As we witness in the gospel tonight, and as we will continue to see in the readings of the Easter season, the Resurrection does not involve Jesus in a complete break from his earthly life.  He neither becomes someone different, nor does he leave behind his relationship with this world.  Rather, he greets the brave women who went to the tomb on that first Easter morning in a familiar way, and then instructs them to tell “his brothers” to go to Galilee where they will encounter him again. In other words, he tells them to go home – to the places with which they are familiar for it is there that they will see him again. In this way, the victory of Jesus over death means that his relationship with his disciples continued beyond the separation and silence of the tomb and was to be restored in places that were well known to them.

From this perspective, the gift of eternal life is not another life that begins after one has died. Rather, the gift of eternal life is something that begins now, in these familiar places:  it is our loving relationship with the Lord which begins now and which death cannot destroy.

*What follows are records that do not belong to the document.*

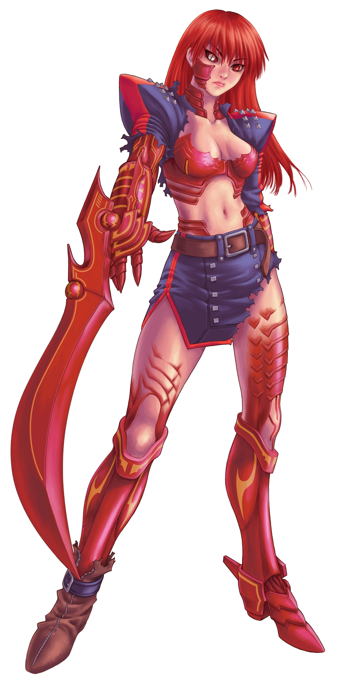 In her beast form, the Spurious, she kind of maintains a human appearance. Her hair becomes red like her right eye. It seems that an exoskeleton appears on her right cheek, her torso (covering her breast), her arms, and the lower half of her legs giving her a futuristic aspect. But the most prominent change in her transformation it's her right arm fully covered by the exoskeleton and complemented by a red blade. In biological terms, Spurious means a structure that has a comparable appearance but nonetheless has a diverse structure. This identifies what she shares similar physical traits in her Beast Form with Xion the Unborn.
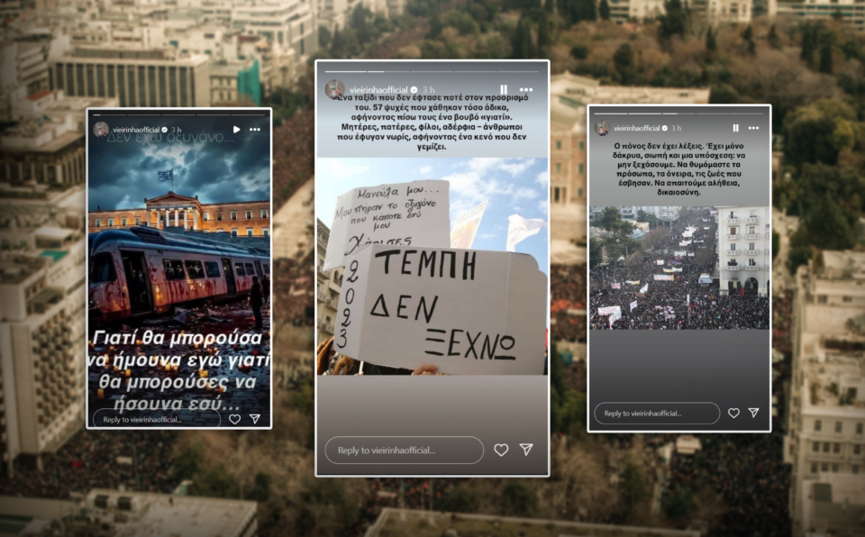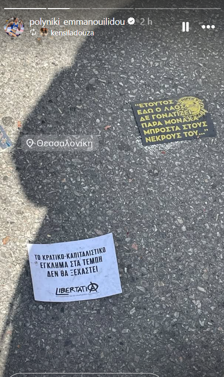 Θέση, και μάλιστα ξεκάθαρη, πήρε και η Πολυνίκη Εμμανουηλίδου. Η κορυφαία Ελληνίδα σπρίντερ ήταν παρούσα σε συγκέντρωση και δημοσίευσε μία σειρά από stories, καταδικάζοντας την αστυνομική βία και φωτογραφίζοντας χαρτάκια στα οποία αναγράφονται «Το κρατικό – καπιταλιστικό έγκλημα στα Τέμπη δε θα ξεχαστεί» και «Ετούτος ο λαός δε γονατίζει παρά μονάχα μπροστά στους νεκρούς του» (στίχοι του Γιάννη Ρίτσου).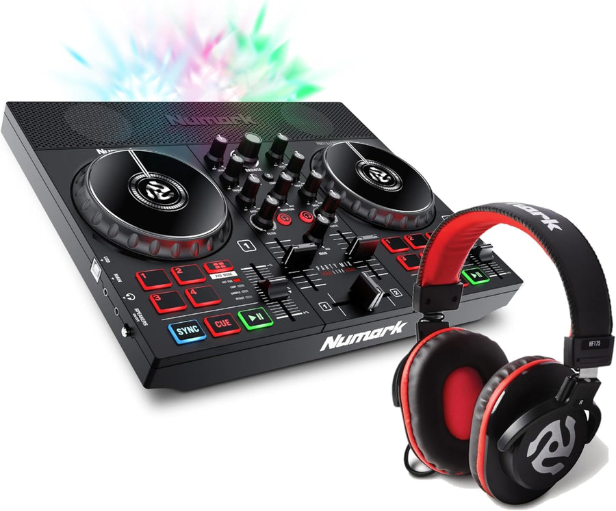 Numark Party Paket - Party Mix Live DJ Controller Mischpult mit eingebauten Lautsprechern, Lichtshow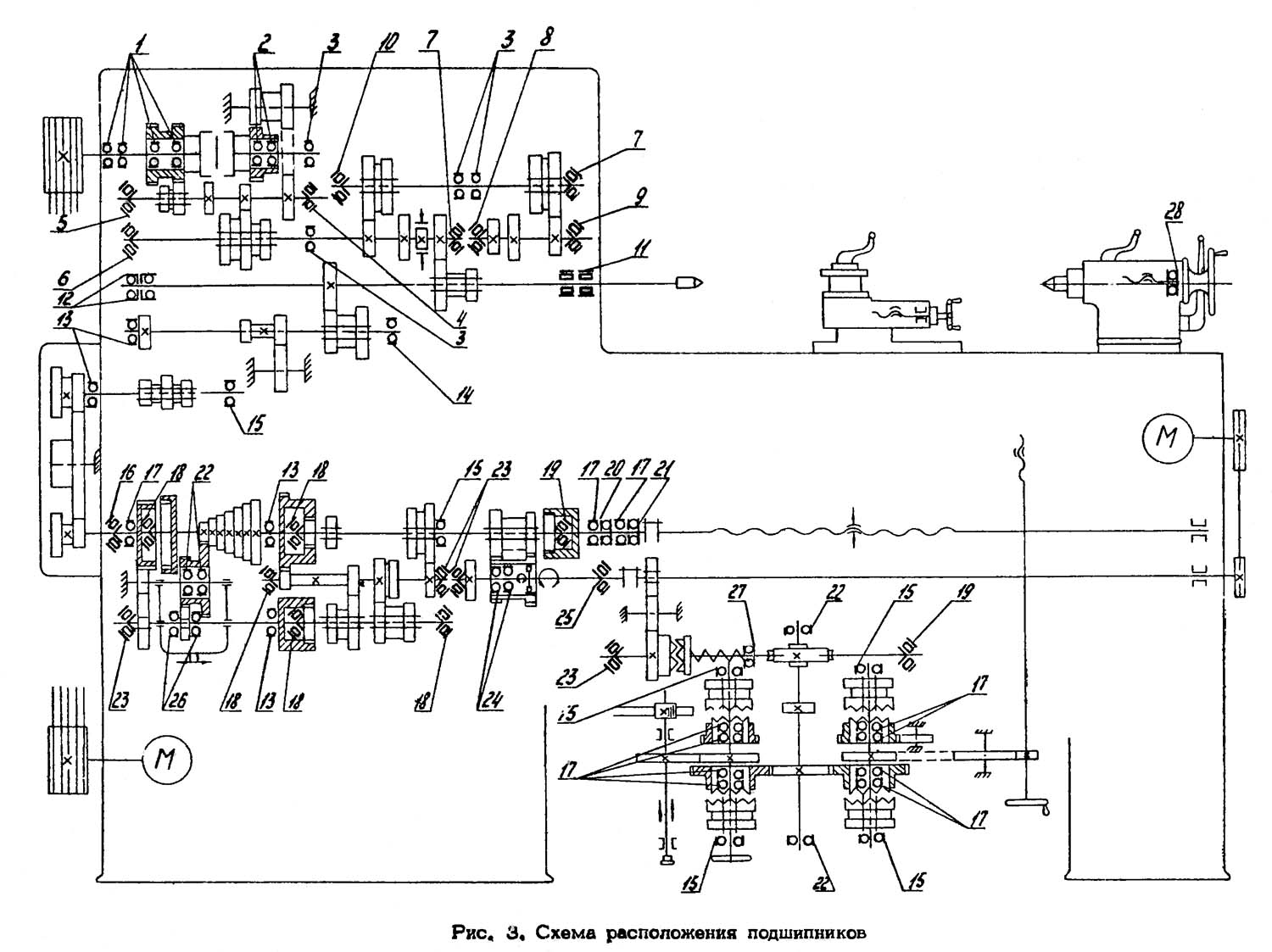 Схема розташування підшипників токарно-гвинторізного верстата 1к62. Дивитись у збільшеному масштабі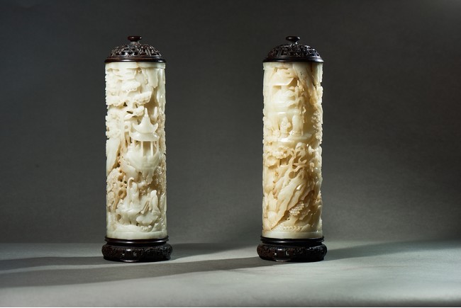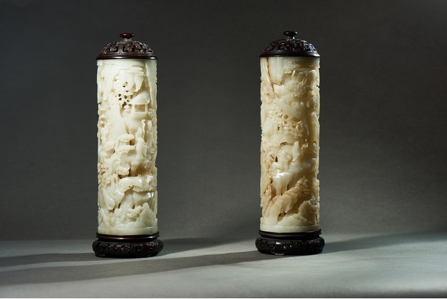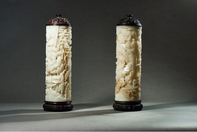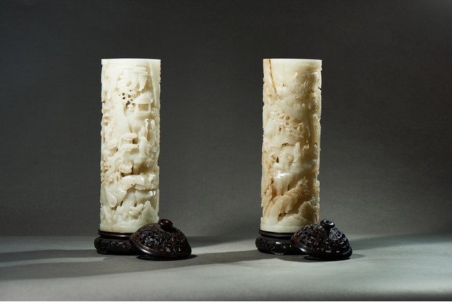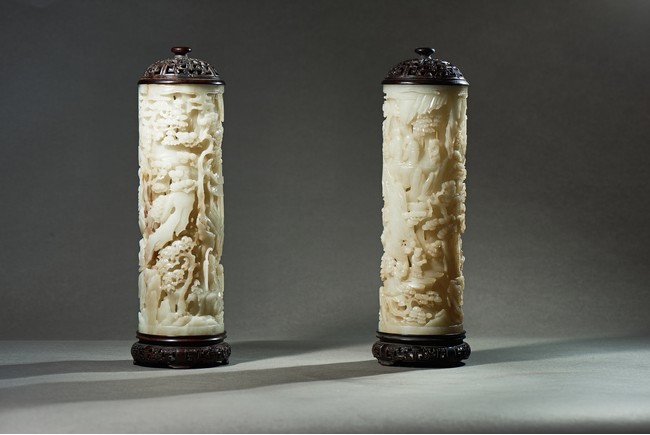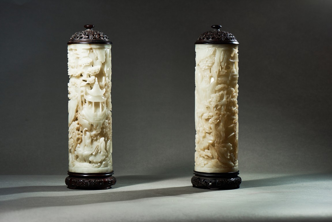 Provenance: Property from a private collection, San Francisco 香筒是古代淨化空氣的一種室內用具,一般是直接將特製的香料或是香花放入香筒內, 香氣便從筒壁、筒蓋的氣孔中溢出,是一種清雅的室內陳設品。此對香筒取材白玉,做直筒式,圓口,硬木器蓋,上有鈕。內壁平滑,外壁採用淺地浮雕技法,雕松下高仕圖。蒼松翠柏中,亭台樓閣隱約可見,曲徑通幽處,文人雅士有跡可循,人物、景緻被刻畫得惟妙惟肖,淋漓盡致。人物傳神,意境空幽,畫面雅緻,韻味綿長。此對香筒用料上乘,玉質滋潤,溫婉細潤,通體佈局精巧,疏密有致,運刀流暢,以嫻熟的刀法刻畫出文人山水畫的空靈與灑脫之境,頗見功力。 來源:三藩市私人藏家提供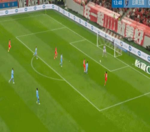 比賽的第14分鐘,楊希禁區(qū)內頭球似傳似射,劉祝潤鏟射錯過落點,萊昂納多門線補射破門。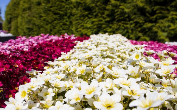 apaļš augums, aug saulē, zied visu vasaru, košas krāsas
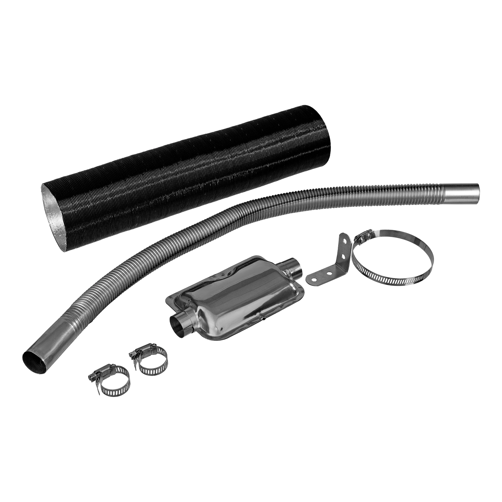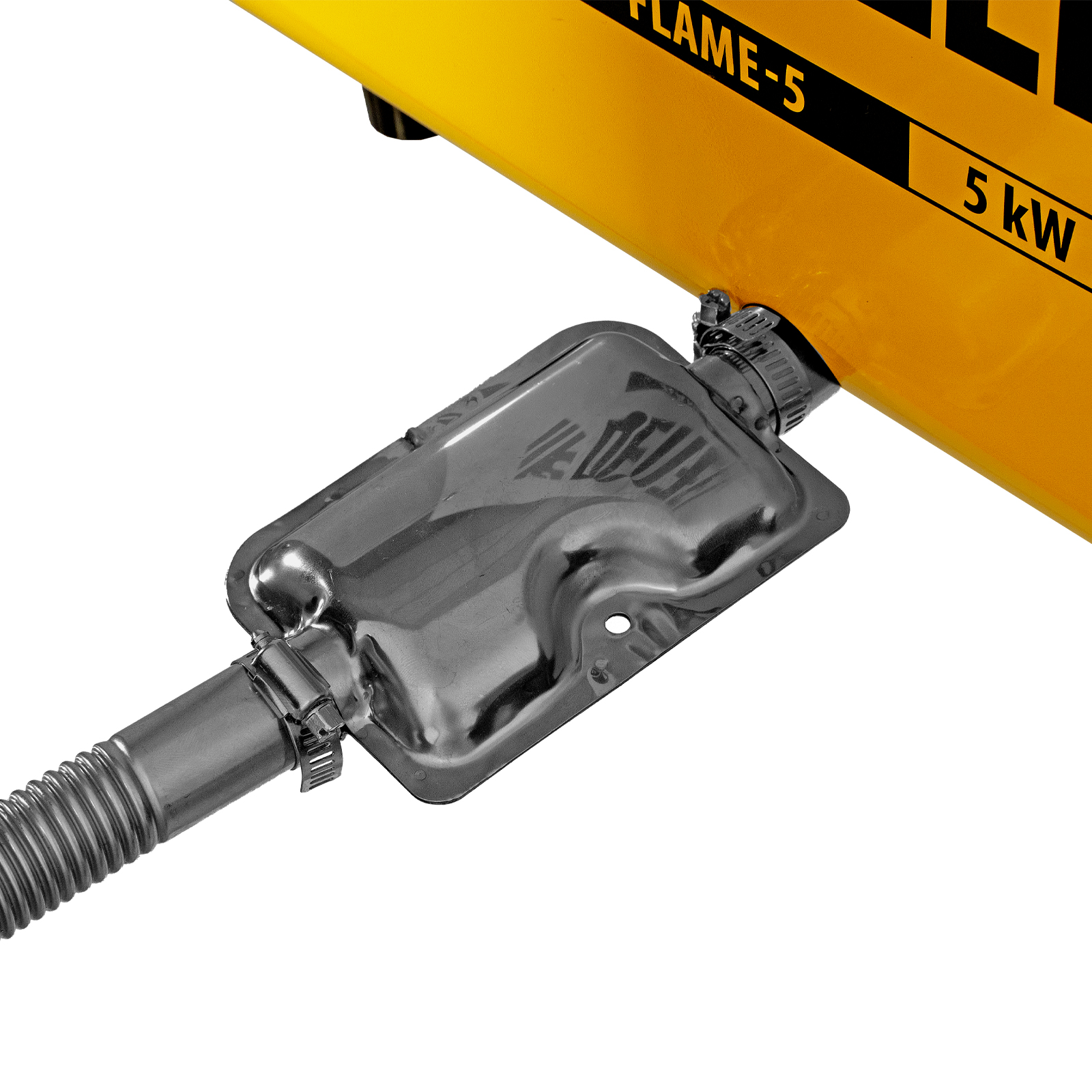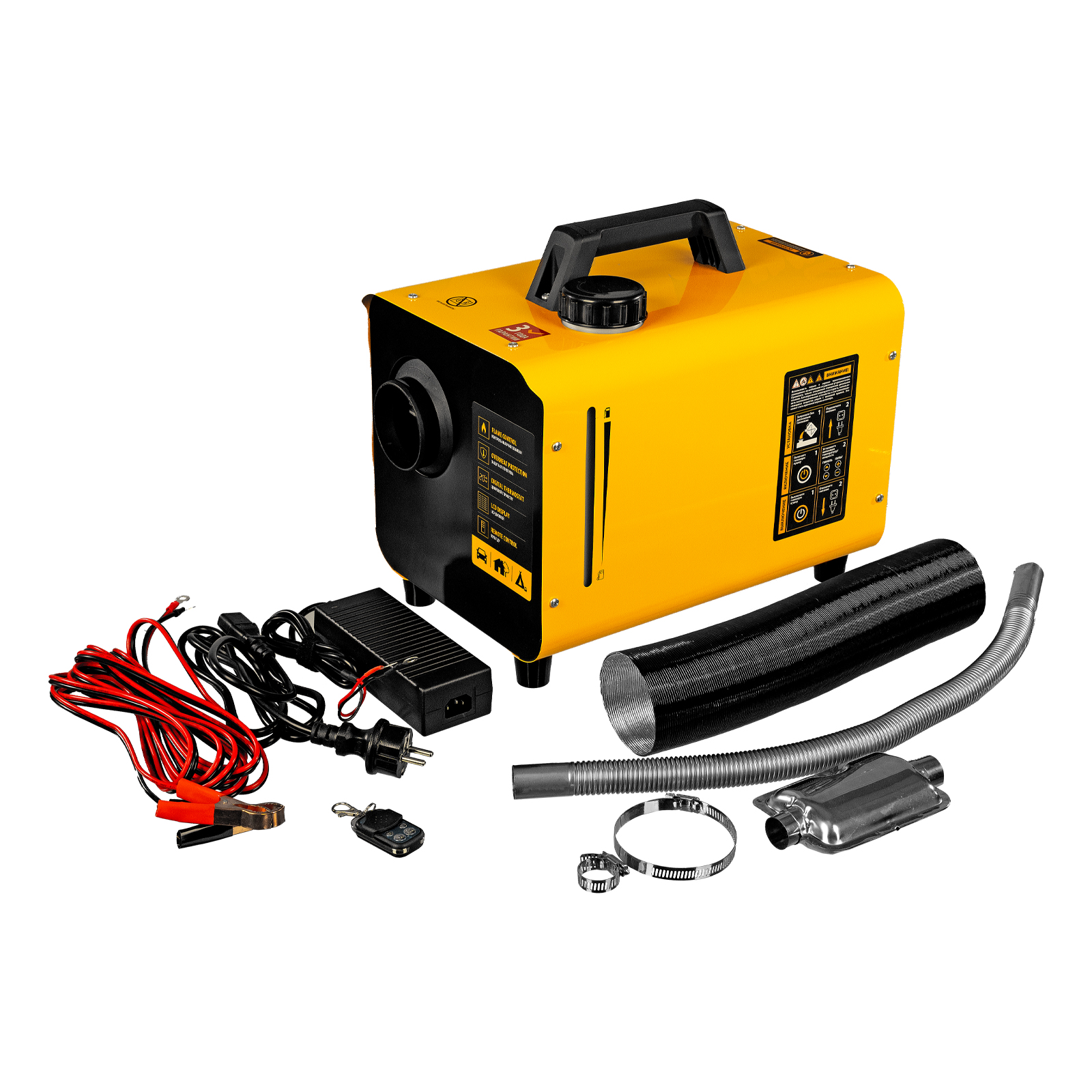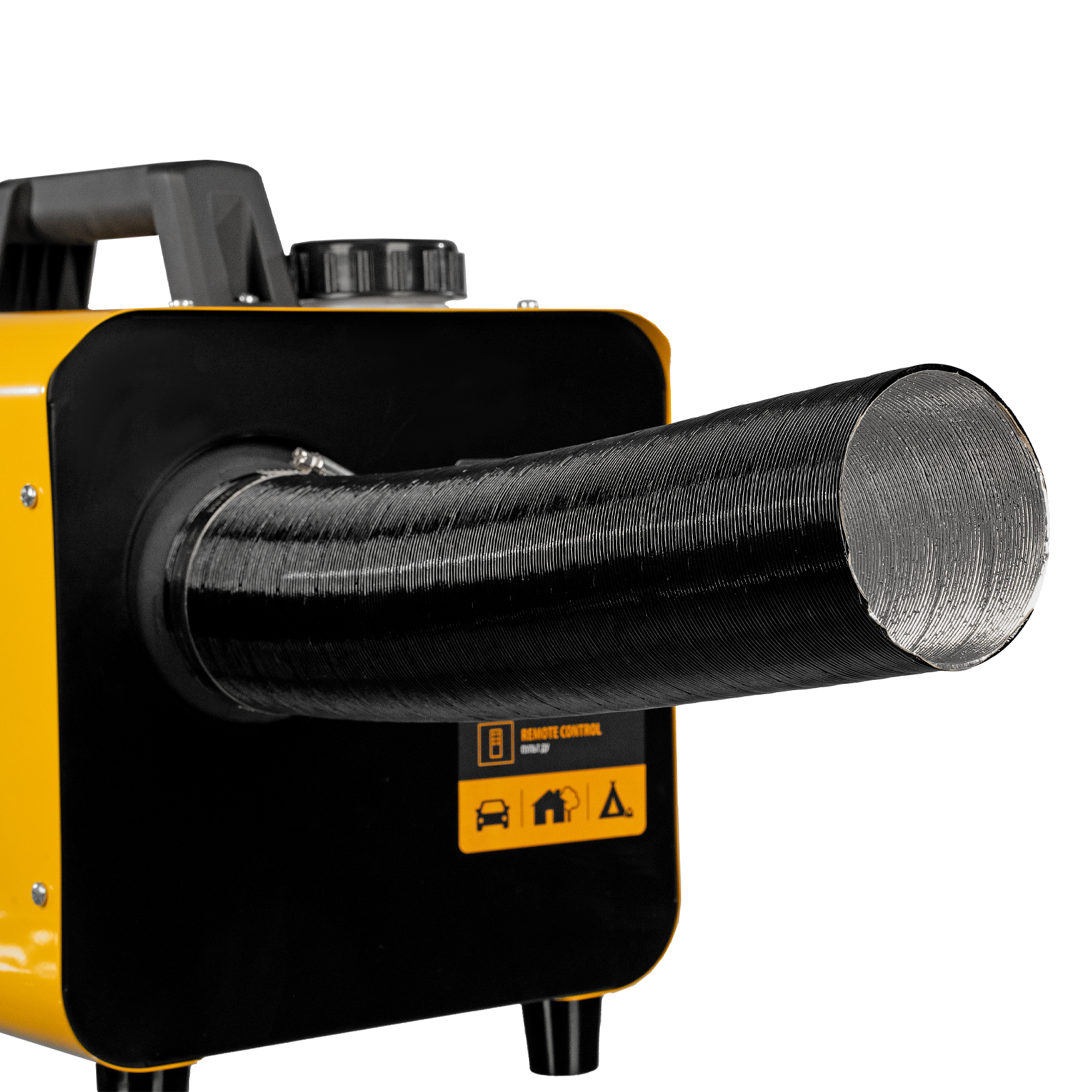 - Полная комплектация — к пушке прилагаются гофротруба и труба для отвода выхлопных газов, кабель питания от аккумулятора с клеммами 5 м, блок питания от сети 230 В (длина шнура 3 м), хомуты и глушитель.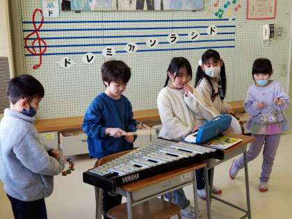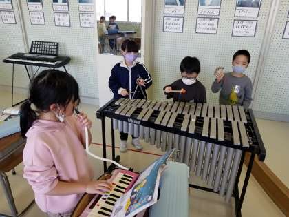 今日は、3グループに分かれて「きらきら星」の合奏を発表し合いました。星が瞬く雰囲気に合うように、楽器の組み合わせや鳴らし方を工夫していました。どのグループも、きらきら綺麗な曲を演奏していました。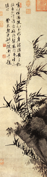 姚綬不但善畫山水,對花鳥竹石也有很高的造詣。另外,他的書法蒼勁有力,行書、草書皆善,他不僅是一位繪畫高手,也不愧為一位書法大家。此圖繪迎風(fēng)搖曳的寫意墨竹和潑墨山石,顯得簡率天真,逸氣四溢,與畫面畫家的行書題款相得益彰,體現(xiàn)了中國古代花鳥畫的形式美感和筆墨情趣。

Death has no dominion over us because through baptism we have entered into a relationship with the one who has defeated death.

Of course, our experience of death remains a painful reality in our earthly experience.  Even the Venerable Pope John Paul II, who faced death with such courage and faith, once wrote that “…the evil which the human being experiences in death has a definitive and total character.”  But he also believed in the victory of Christ and courageously proclaimed that death does not destroy the loving relationship between Jesus and those who are united with him through Baptism and the Eucharist.

Like Pope John Paul II, St. Paul, the women at the tomb and the apostles, we also are called to give witness to the resurrection of Christ not merely as a far-off reality that is to be experienced only after our mortal bodies succumb to physical death, but also as a reality that gives direction to our lives in the places that are most familiar to us – our own Galilean homes. Through the teaching he has given us, we know that we will encounter the presence of, the reality of, the Risen Christ in one another and in those who are in most need of love:  the hungry, the thirsty, the naked, the imprisoned, the sick, the lonely and the poor to name a few.  It is through our Christ-filled response to their needs that we begin on earth the eternal life of heaven.  It is through our Christ-filled response in their needs that we proclaim and celebrate our belief in the Lord’s triumph over sin and death.

My brothers and sisters, we look forward in faith to the Kingdom of God in its fullness in the life of the world to come.  And yet, we can also show our belief in Eternal life by living fully now, with joy and generosity. Our present life is to be valued and cherished because it is a gift from the one who already is beginning to give us everything. Through him, we are we are free to love, free to do what is right, free to give our lives away, even when we must do so in the face of death itself. If we live now in the light of the resurrection we will no longer fear death, but will be ever more confident in the victory of Christ Jesus, our Risen Lord who lives and reigns forever!   Amen, Alleluia!